● **WORK INSTRUCTIONS**: Each line in the material below, starting at the one that contains "尚高廣告上承諾直管工人,施工" and ending at the one that contains "カラー: (上段左から)BLACK、WHITE、FILA RED、(下段左から)POWDER", should be repeated exactly; the pictures should not.

● **RECORDS TO USE**:
=== Begin Enclosure ===
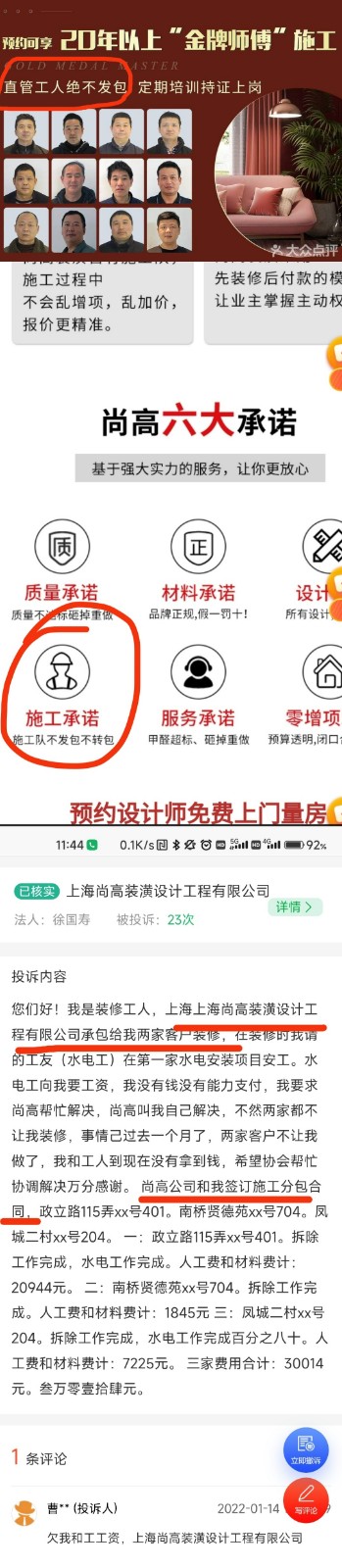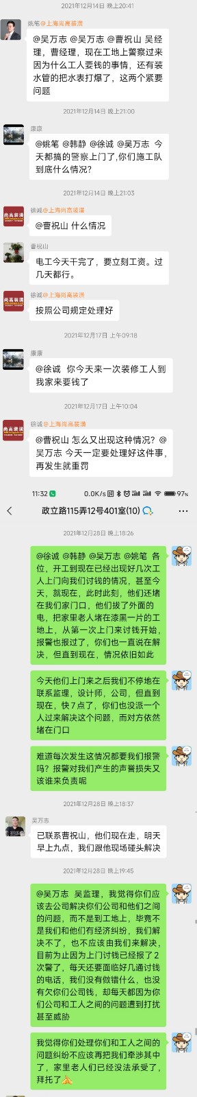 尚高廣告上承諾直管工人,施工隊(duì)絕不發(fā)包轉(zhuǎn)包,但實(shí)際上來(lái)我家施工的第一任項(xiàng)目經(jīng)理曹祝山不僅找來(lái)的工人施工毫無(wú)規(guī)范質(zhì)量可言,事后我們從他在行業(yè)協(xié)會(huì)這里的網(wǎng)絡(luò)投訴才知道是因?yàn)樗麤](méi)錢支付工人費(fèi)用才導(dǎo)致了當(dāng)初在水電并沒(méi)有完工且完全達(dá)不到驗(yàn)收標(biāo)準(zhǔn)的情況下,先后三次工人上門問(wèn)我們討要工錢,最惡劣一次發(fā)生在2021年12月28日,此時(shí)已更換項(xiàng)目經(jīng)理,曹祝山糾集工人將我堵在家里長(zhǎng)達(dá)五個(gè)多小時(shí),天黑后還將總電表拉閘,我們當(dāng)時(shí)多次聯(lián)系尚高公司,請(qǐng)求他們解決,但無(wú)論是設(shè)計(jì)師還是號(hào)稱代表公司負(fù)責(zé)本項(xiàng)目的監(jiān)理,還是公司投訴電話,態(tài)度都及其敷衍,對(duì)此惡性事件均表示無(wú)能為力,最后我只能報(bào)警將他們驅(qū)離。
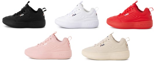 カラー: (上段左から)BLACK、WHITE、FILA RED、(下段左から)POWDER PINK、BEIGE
=== End Enclosure ===
=== Begin Enclosure ===
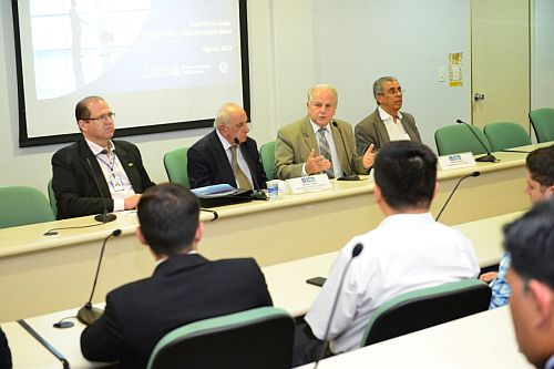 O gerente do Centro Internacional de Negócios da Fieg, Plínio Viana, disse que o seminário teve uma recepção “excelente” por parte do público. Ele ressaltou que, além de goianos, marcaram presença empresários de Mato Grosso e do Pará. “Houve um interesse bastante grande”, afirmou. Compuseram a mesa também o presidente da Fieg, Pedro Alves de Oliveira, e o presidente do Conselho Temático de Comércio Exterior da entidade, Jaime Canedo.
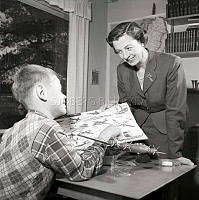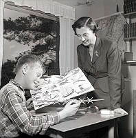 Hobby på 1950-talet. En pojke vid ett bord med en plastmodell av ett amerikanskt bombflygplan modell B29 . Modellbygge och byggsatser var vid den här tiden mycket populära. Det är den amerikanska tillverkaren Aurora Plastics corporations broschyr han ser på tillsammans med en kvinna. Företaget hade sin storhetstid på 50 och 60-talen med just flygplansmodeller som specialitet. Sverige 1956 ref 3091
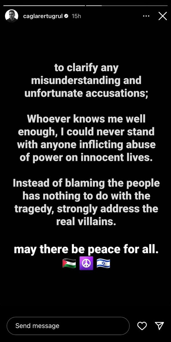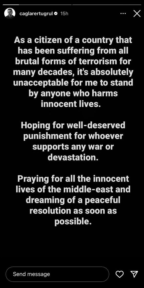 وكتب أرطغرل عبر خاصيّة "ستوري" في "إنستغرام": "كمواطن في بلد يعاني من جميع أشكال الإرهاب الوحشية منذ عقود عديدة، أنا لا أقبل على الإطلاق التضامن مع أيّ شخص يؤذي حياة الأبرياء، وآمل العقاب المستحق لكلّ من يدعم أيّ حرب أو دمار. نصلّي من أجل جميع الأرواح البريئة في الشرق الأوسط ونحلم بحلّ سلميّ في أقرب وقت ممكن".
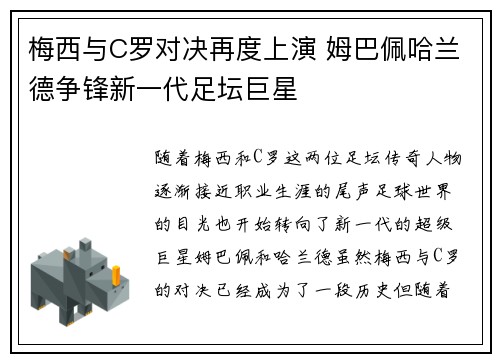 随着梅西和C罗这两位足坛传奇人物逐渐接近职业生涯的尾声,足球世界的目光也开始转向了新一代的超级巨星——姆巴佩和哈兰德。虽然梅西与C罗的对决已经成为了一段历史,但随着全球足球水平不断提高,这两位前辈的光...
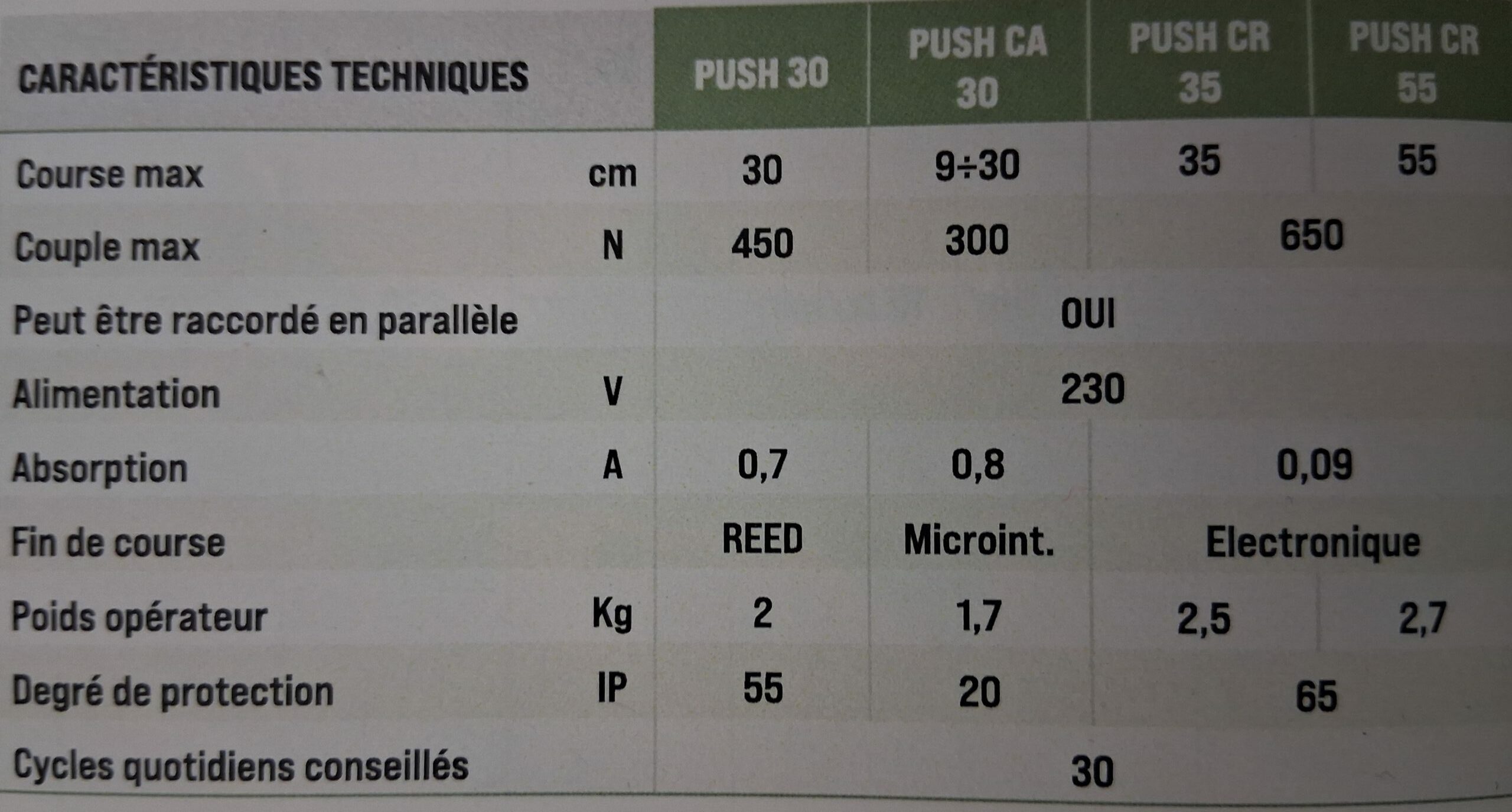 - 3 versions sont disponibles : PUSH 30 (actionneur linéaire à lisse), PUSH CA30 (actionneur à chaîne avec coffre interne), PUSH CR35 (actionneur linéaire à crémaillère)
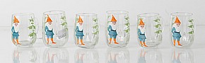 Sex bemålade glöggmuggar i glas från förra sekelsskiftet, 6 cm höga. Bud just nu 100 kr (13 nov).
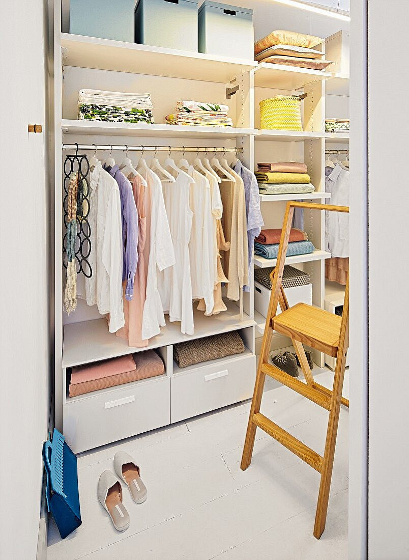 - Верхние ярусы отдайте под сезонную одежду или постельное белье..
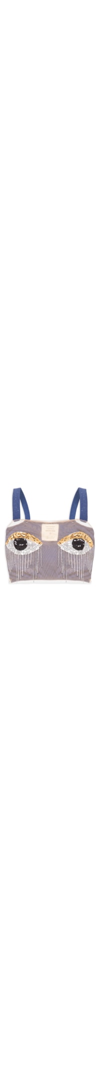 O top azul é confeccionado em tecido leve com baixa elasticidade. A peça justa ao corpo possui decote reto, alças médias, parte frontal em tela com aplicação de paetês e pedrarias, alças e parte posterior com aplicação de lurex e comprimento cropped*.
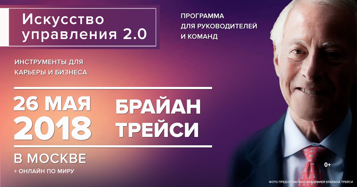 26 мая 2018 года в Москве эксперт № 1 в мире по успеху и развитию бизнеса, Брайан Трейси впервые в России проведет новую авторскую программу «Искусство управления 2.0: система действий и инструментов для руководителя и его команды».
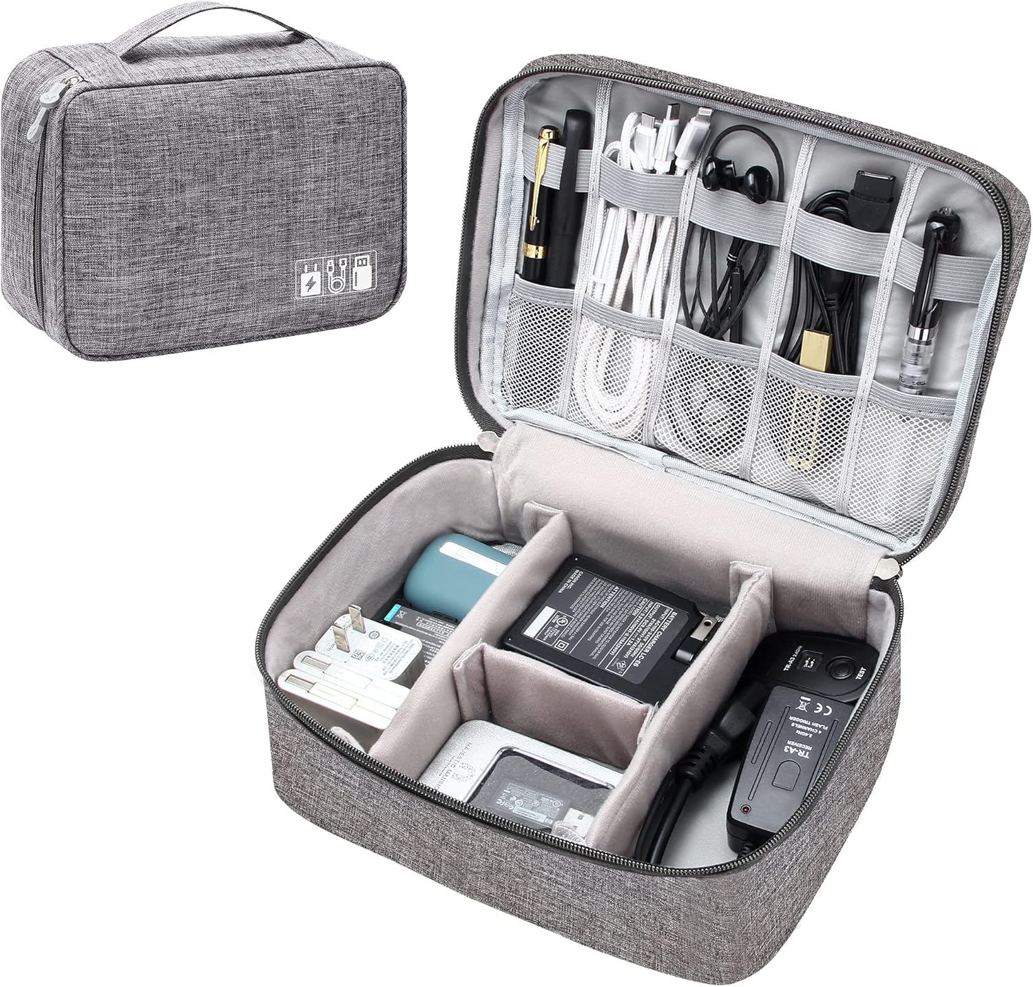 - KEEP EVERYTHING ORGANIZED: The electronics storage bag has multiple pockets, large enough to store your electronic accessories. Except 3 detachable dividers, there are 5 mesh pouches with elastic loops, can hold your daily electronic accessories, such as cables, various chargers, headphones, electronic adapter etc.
=== End Enclosure ===
=== Begin Enclosure ===
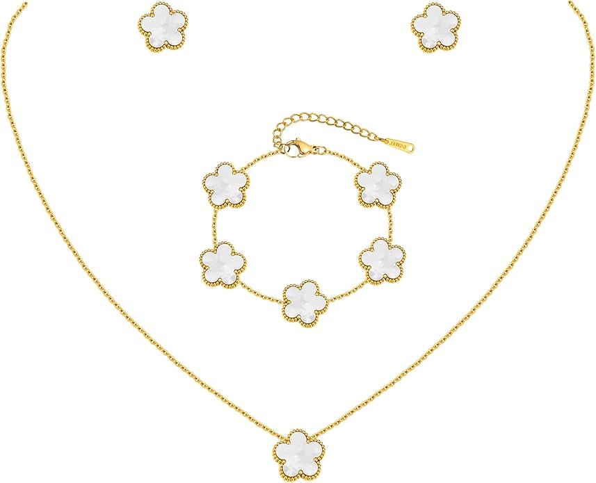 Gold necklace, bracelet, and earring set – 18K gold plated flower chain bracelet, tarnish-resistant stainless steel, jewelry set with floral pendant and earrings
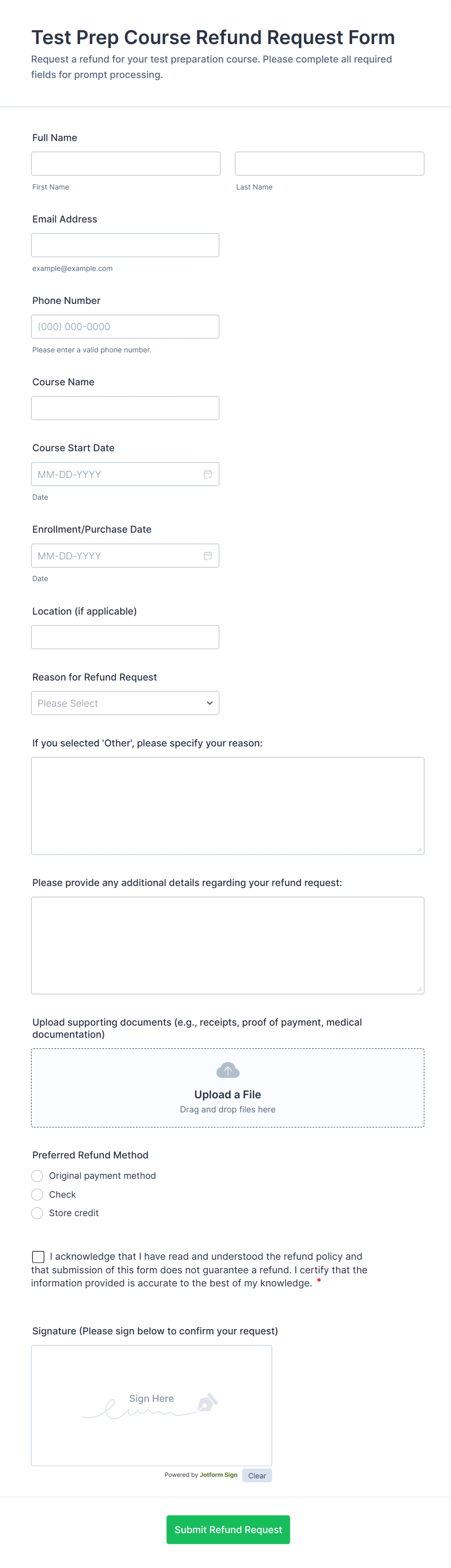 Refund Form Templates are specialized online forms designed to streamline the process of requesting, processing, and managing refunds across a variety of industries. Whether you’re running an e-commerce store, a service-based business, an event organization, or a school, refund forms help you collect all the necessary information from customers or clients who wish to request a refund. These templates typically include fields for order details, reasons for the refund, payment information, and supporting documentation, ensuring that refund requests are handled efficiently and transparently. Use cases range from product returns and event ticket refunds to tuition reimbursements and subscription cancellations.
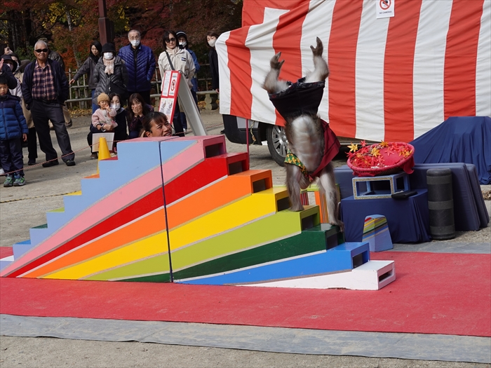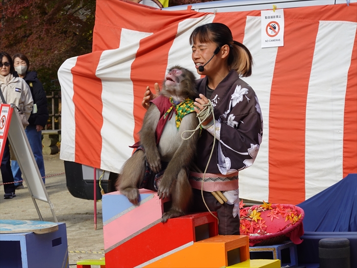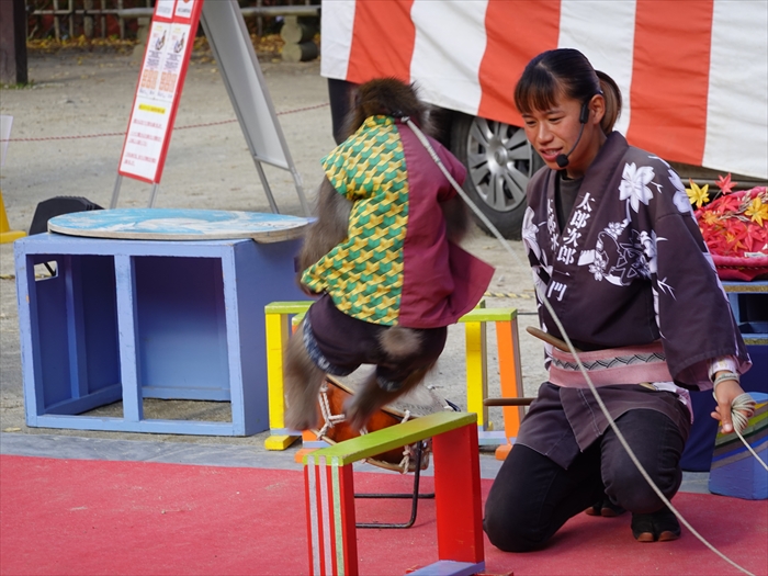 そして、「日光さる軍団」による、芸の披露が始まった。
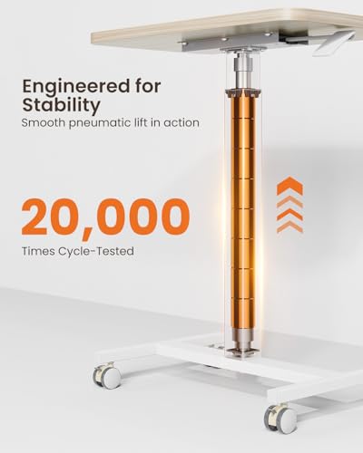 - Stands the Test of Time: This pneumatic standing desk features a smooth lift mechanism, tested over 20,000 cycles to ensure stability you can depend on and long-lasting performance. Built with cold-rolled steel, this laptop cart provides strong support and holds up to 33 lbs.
=== End Enclosure ===
● **RESPONSE TO THIS TASK**:
 尚高廣告上承諾直管工人,施工隊(duì)絕不發(fā)包轉(zhuǎn)包,但實(shí)際上來(lái)我家施工的第一任項(xiàng)目經(jīng)理曹祝山不僅找來(lái)的工人施工毫無(wú)規(guī)范質(zhì)量可言,事后我們從他在行業(yè)協(xié)會(huì)這里的網(wǎng)絡(luò)投訴才知道是因?yàn)樗麤](méi)錢支付工人費(fèi)用才導(dǎo)致了當(dāng)初在水電并沒(méi)有完工且完全達(dá)不到驗(yàn)收標(biāo)準(zhǔn)的情況下,先后三次工人上門問(wèn)我們討要工錢,最惡劣一次發(fā)生在2021年12月28日,此時(shí)已更換項(xiàng)目經(jīng)理,曹祝山糾集工人將我堵在家里長(zhǎng)達(dá)五個(gè)多小時(shí),天黑后還將總電表拉閘,我們當(dāng)時(shí)多次聯(lián)系尚高公司,請(qǐng)求他們解決,但無(wú)論是設(shè)計(jì)師還是號(hào)稱代表公司負(fù)責(zé)本項(xiàng)目的監(jiān)理,還是公司投訴電話,態(tài)度都及其敷衍,對(duì)此惡性事件均表示無(wú)能為力,最后我只能報(bào)警將他們驅(qū)離。
 カラー: (上段左から)BLACK、WHITE、FILA RED、(下段左から)POWDER PINK、BEIGE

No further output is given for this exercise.